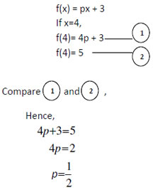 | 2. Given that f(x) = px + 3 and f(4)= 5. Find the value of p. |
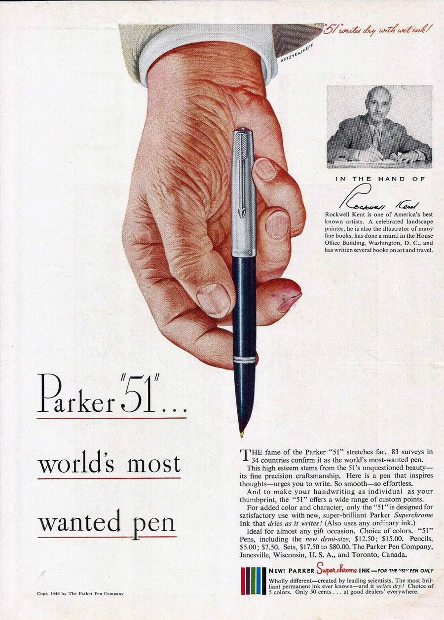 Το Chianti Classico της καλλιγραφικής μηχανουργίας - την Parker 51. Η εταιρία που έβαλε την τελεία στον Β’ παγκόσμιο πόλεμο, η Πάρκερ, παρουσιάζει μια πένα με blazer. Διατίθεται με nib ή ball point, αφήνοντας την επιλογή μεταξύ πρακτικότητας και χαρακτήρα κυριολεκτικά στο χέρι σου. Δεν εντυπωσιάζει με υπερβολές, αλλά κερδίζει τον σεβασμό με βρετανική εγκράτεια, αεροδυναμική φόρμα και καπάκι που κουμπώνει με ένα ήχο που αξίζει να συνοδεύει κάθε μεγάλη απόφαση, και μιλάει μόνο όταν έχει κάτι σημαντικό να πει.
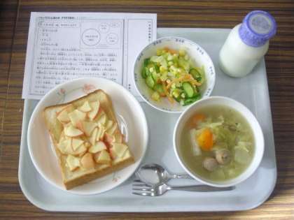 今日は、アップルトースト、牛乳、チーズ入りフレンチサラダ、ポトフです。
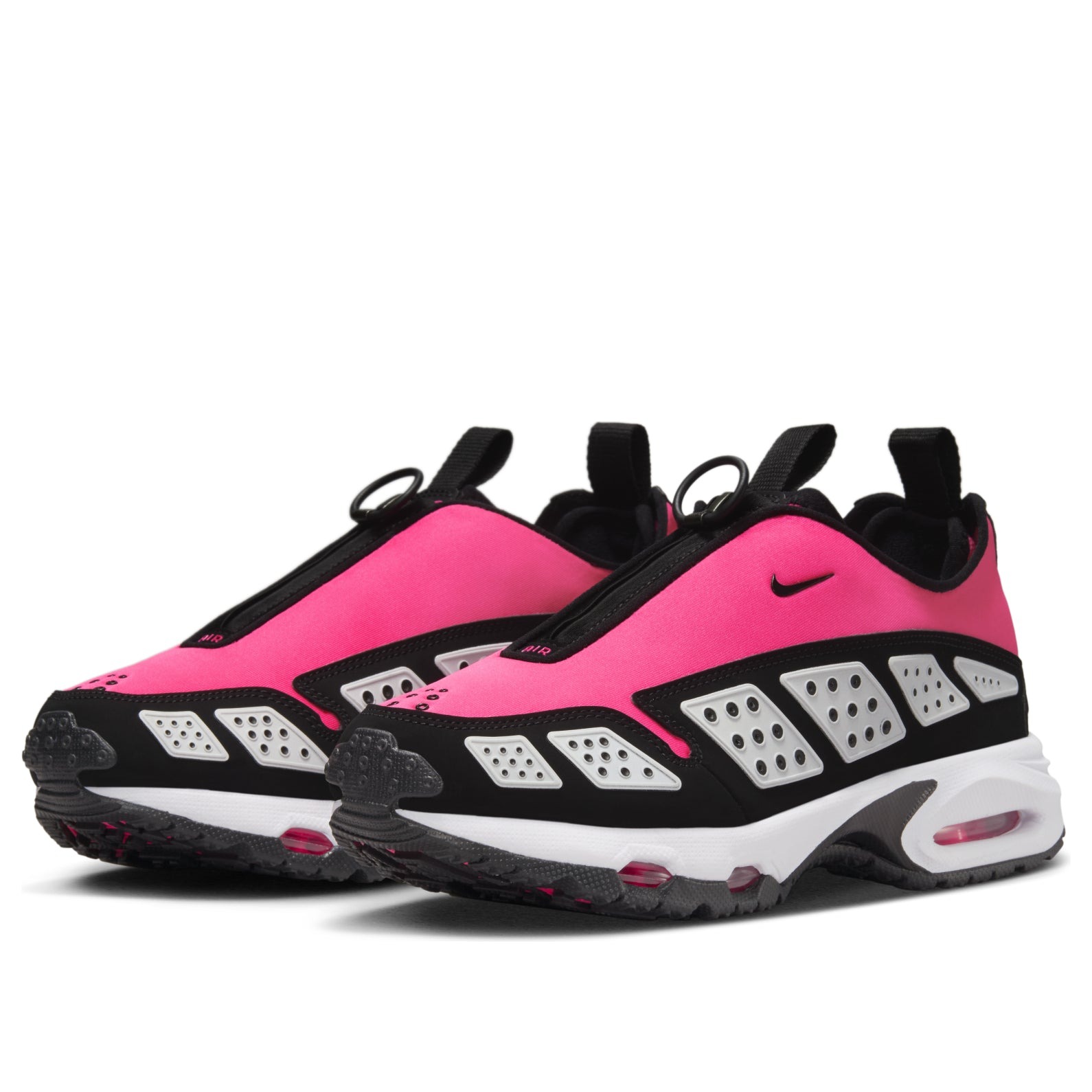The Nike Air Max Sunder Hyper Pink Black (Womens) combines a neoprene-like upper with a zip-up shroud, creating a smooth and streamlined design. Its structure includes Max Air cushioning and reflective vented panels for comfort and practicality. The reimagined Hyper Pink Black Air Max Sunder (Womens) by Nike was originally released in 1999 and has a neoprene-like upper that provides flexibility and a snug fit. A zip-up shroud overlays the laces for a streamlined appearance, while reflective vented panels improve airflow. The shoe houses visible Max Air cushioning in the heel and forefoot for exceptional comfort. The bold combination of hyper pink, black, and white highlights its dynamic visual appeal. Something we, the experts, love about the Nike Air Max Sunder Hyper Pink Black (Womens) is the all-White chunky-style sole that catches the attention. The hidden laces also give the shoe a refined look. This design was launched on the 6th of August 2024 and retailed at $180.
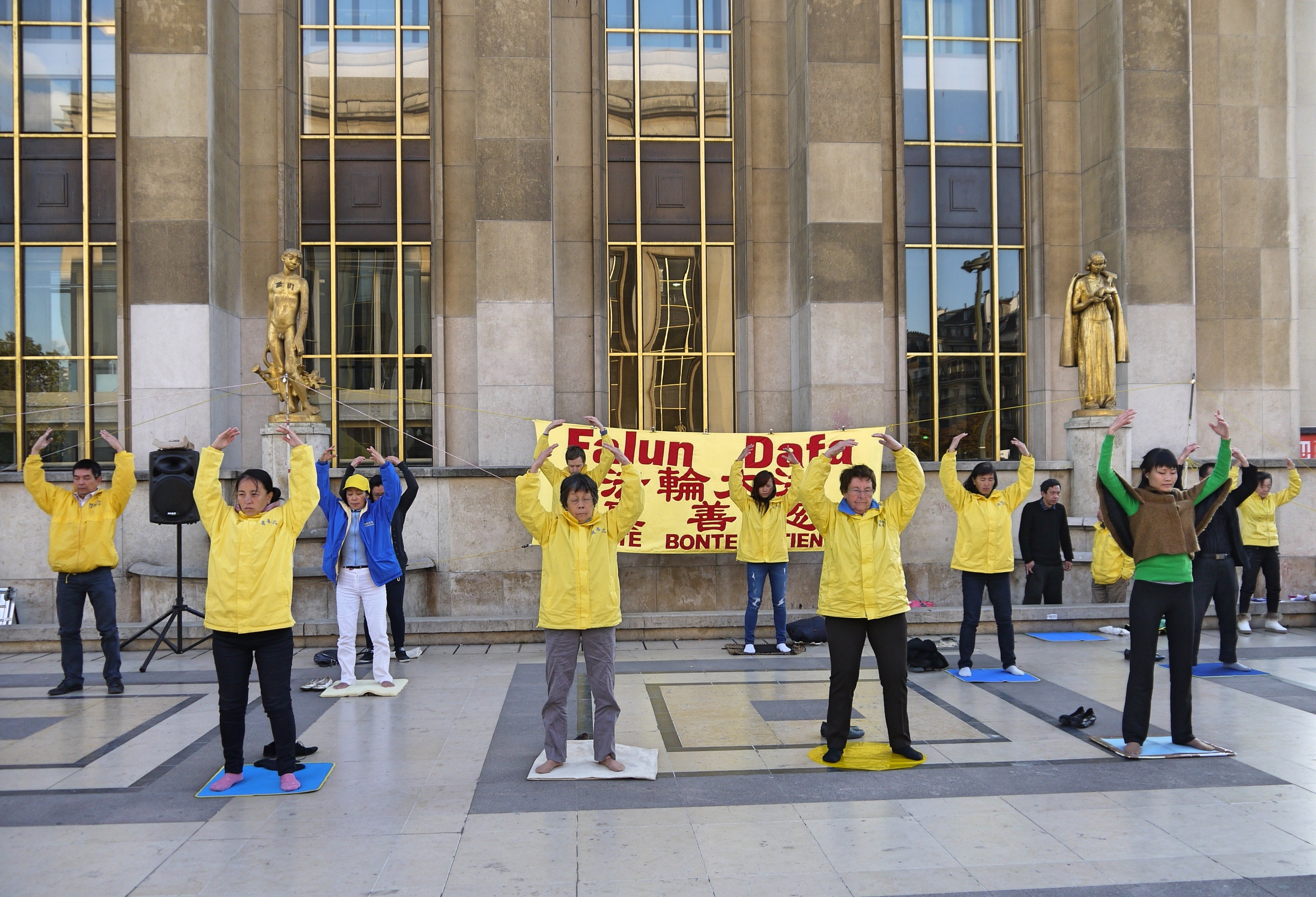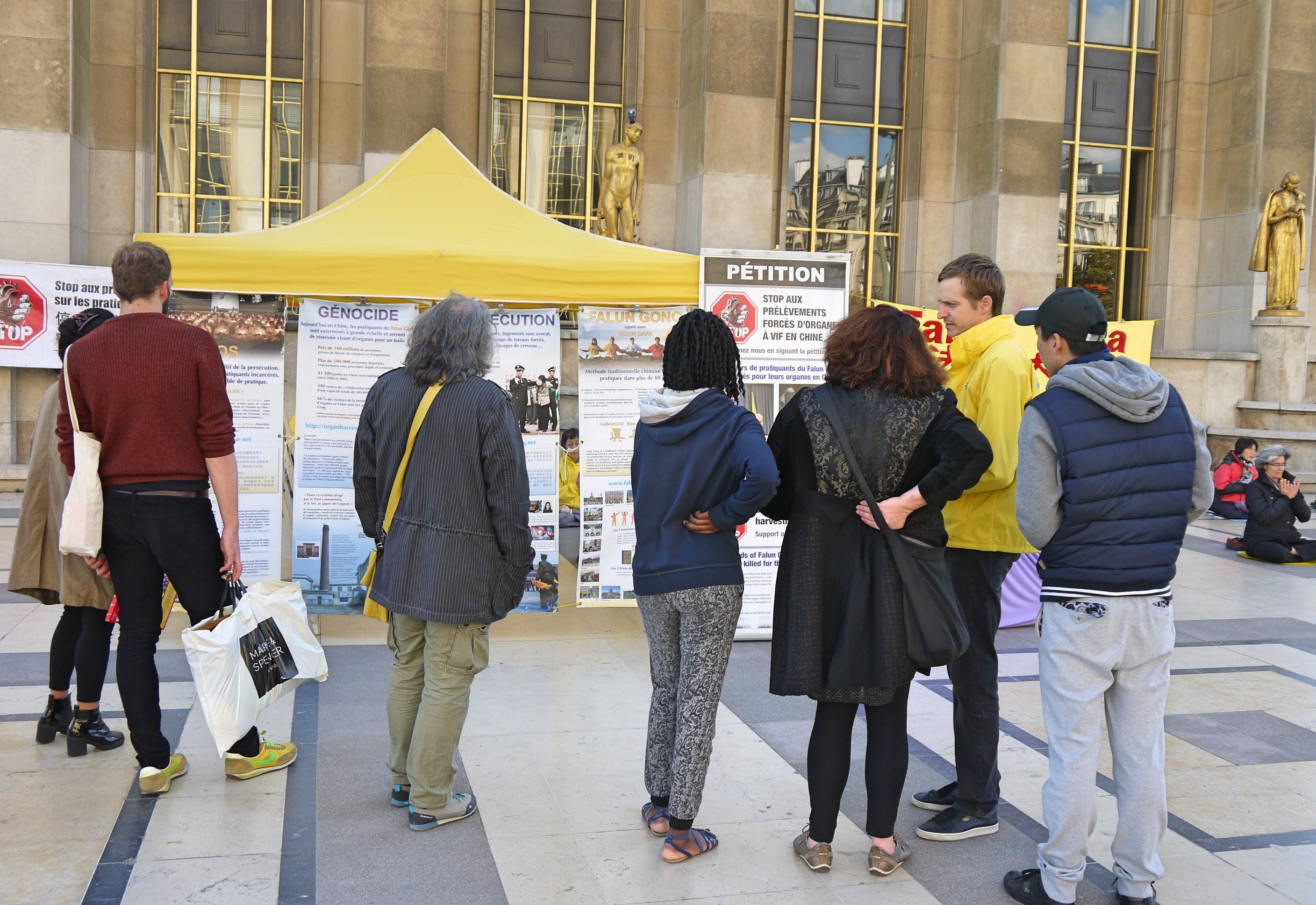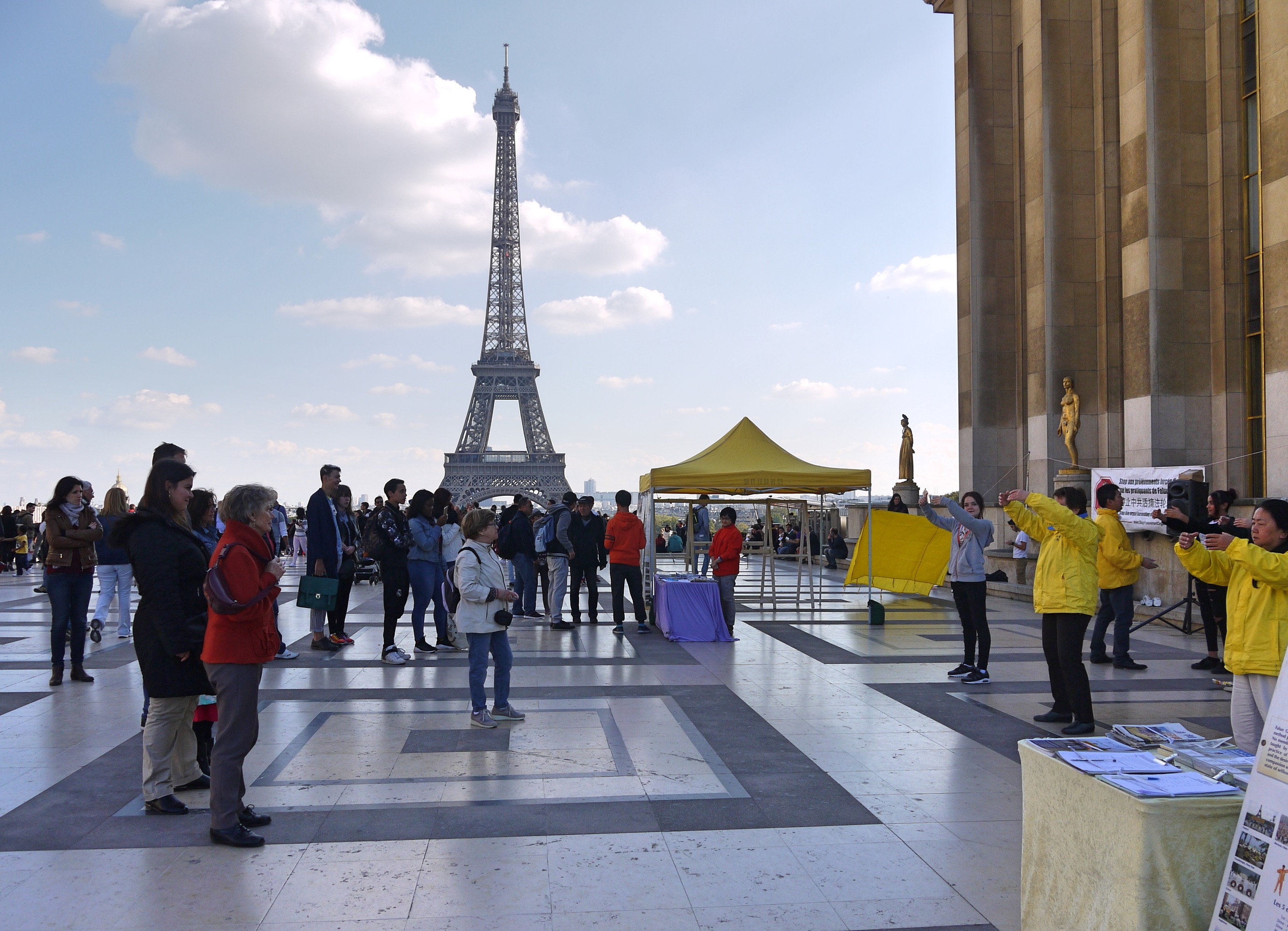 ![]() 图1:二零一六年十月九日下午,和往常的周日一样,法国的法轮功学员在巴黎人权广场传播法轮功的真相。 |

------------------------------------------------------------------------

# What you have to do:
Copy the listing character for character, pictures omitted.

# Solution for this problem:
 | 2. Given that f(x) = px + 3 and f(4)= 5. Find the value of p. |
 Το Chianti Classico της καλλιγραφικής μηχανουργίας - την Parker 51. Η εταιρία που έβαλε την τελεία στον Β’ παγκόσμιο πόλεμο, η Πάρκερ, παρουσιάζει μια πένα με blazer. Διατίθεται με nib ή ball point, αφήνοντας την επιλογή μεταξύ πρακτικότητας και χαρακτήρα κυριολεκτικά στο χέρι σου. Δεν εντυπωσιάζει με υπερβολές, αλλά κερδίζει τον σεβασμό με βρετανική εγκράτεια, αεροδυναμική φόρμα και καπάκι που κουμπώνει με ένα ήχο που αξίζει να συνοδεύει κάθε μεγάλη απόφαση, και μιλάει μόνο όταν έχει κάτι σημαντικό να πει.
 今日は、アップルトースト、牛乳、チーズ入りフレンチサラダ、ポトフです。
The Nike Air Max Sunder Hyper Pink Black (Womens) combines a neoprene-like upper with a zip-up shroud, creating a smooth and streamlined design. Its structure includes Max Air cushioning and reflective vented panels for comfort and practicality. The reimagined Hyper Pink Black Air Max Sunder (Womens) by Nike was originally released in 1999 and has a neoprene-like upper that provides flexibility and a snug fit. A zip-up shroud overlays the laces for a streamlined appearance, while reflective vented panels improve airflow. The shoe houses visible Max Air cushioning in the heel and forefoot for exceptional comfort. The bold combination of hyper pink, black, and white highlights its dynamic visual appeal. Something we, the experts, love about the Nike Air Max Sunder Hyper Pink Black (Womens) is the all-White chunky-style sole that catches the attention. The hidden laces also give the shoe a refined look. This design was launched on the 6th of August 2024 and retailed at $180.
 ![]() 图1:二零一六年十月九日下午,和往常的周日一样,法国的法轮功学员在巴黎人权广场传播法轮功的真相。 |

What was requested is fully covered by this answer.